**TO DO**: For the entries below, copy exactly the line that contains "Figure 13. Coronal" through the line that contains "mes de 2020.", both ends included, and exclude all pictures.

**ENTRIES SUPPLIED**:
—————

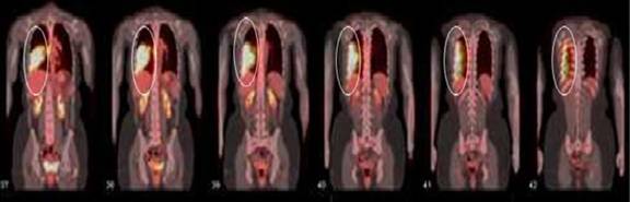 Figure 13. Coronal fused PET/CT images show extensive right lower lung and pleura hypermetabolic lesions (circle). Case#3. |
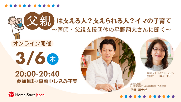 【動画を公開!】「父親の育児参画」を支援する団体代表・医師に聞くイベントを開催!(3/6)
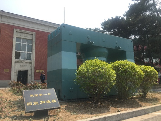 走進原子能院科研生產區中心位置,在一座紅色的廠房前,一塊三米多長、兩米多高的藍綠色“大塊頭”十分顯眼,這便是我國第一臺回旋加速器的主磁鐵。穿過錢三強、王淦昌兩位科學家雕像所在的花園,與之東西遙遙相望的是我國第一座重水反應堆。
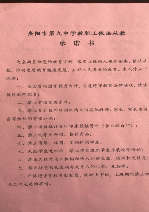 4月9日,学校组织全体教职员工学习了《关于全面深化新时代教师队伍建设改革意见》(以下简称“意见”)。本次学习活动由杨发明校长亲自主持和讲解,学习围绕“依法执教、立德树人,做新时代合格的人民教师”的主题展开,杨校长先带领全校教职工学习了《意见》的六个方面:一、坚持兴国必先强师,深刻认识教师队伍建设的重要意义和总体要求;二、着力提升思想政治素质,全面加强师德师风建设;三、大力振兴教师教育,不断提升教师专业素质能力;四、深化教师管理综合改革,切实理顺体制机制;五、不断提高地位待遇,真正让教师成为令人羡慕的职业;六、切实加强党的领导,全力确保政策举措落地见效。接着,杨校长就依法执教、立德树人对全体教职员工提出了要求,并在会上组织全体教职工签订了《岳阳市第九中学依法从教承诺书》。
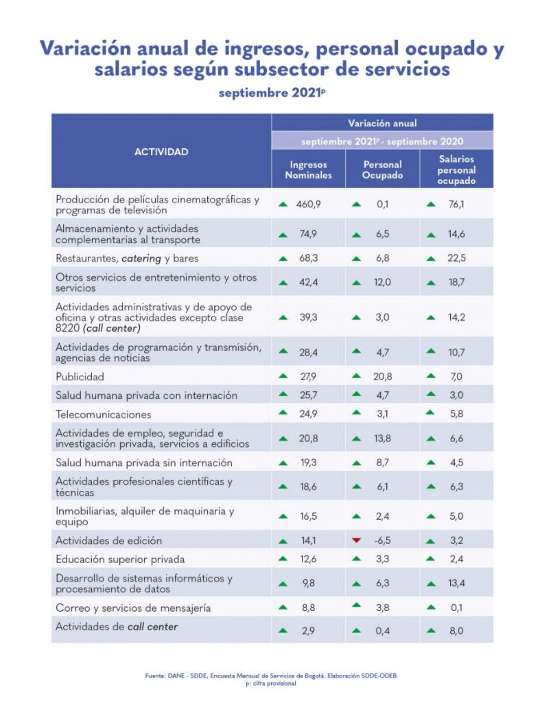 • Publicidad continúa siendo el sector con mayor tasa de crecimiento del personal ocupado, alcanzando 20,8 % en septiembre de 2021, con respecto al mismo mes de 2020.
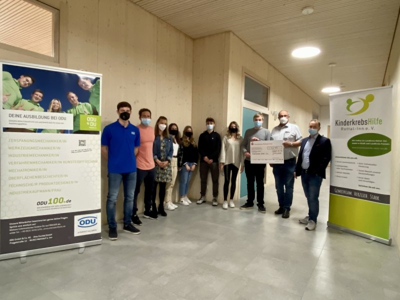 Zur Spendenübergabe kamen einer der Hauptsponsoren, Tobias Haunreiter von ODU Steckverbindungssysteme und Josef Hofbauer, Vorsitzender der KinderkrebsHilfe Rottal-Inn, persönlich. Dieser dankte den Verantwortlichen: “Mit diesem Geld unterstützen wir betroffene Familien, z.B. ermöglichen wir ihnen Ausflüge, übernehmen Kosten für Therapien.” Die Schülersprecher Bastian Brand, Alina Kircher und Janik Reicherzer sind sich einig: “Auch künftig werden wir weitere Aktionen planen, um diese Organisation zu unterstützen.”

—————

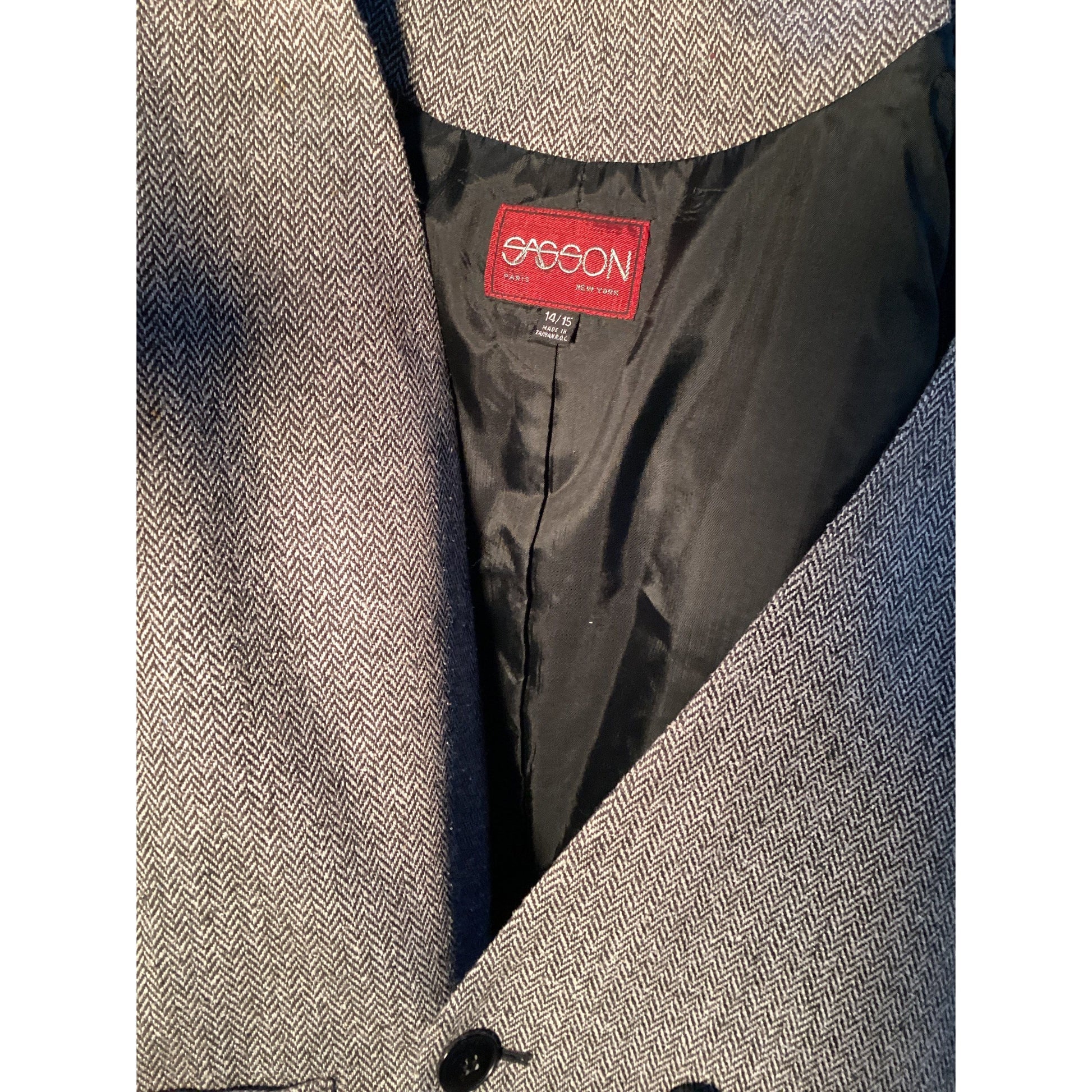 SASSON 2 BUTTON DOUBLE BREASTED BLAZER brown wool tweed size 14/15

—————

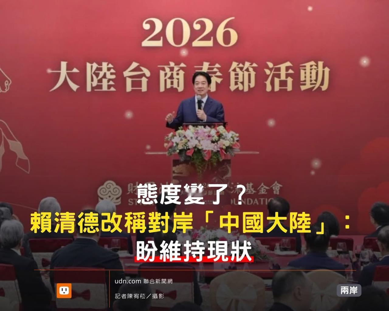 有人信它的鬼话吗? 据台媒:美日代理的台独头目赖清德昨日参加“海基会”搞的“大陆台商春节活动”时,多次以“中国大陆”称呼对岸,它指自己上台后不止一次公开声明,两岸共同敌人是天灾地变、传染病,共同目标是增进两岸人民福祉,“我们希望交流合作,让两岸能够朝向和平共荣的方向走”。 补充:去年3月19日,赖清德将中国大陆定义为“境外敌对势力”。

—————

**SOLUTION FOR THIS PROBLEM**:
 Figure 13. Coronal fused PET/CT images show extensive right lower lung and pleura hypermetabolic lesions (circle). Case#3. |
 【動画を公開!】「父親の育児参画」を支援する団体代表・医師に聞くイベントを開催!(3/6)
 走進原子能院科研生產區中心位置,在一座紅色的廠房前,一塊三米多長、兩米多高的藍綠色“大塊頭”十分顯眼,這便是我國第一臺回旋加速器的主磁鐵。穿過錢三強、王淦昌兩位科學家雕像所在的花園,與之東西遙遙相望的是我國第一座重水反應堆。
 4月9日,学校组织全体教职员工学习了《关于全面深化新时代教师队伍建设改革意见》(以下简称“意见”)。本次学习活动由杨发明校长亲自主持和讲解,学习围绕“依法执教、立德树人,做新时代合格的人民教师”的主题展开,杨校长先带领全校教职工学习了《意见》的六个方面:一、坚持兴国必先强师,深刻认识教师队伍建设的重要意义和总体要求;二、着力提升思想政治素质,全面加强师德师风建设;三、大力振兴教师教育,不断提升教师专业素质能力;四、深化教师管理综合改革,切实理顺体制机制;五、不断提高地位待遇,真正让教师成为令人羡慕的职业;六、切实加强党的领导,全力确保政策举措落地见效。接着,杨校长就依法执教、立德树人对全体教职员工提出了要求,并在会上组织全体教职工签订了《岳阳市第九中学依法从教承诺书》。
 • Publicidad continúa siendo el sector con mayor tasa de crecimiento del personal ocupado, alcanzando 20,8 % en septiembre de 2021, con respecto al mismo mes de 2020.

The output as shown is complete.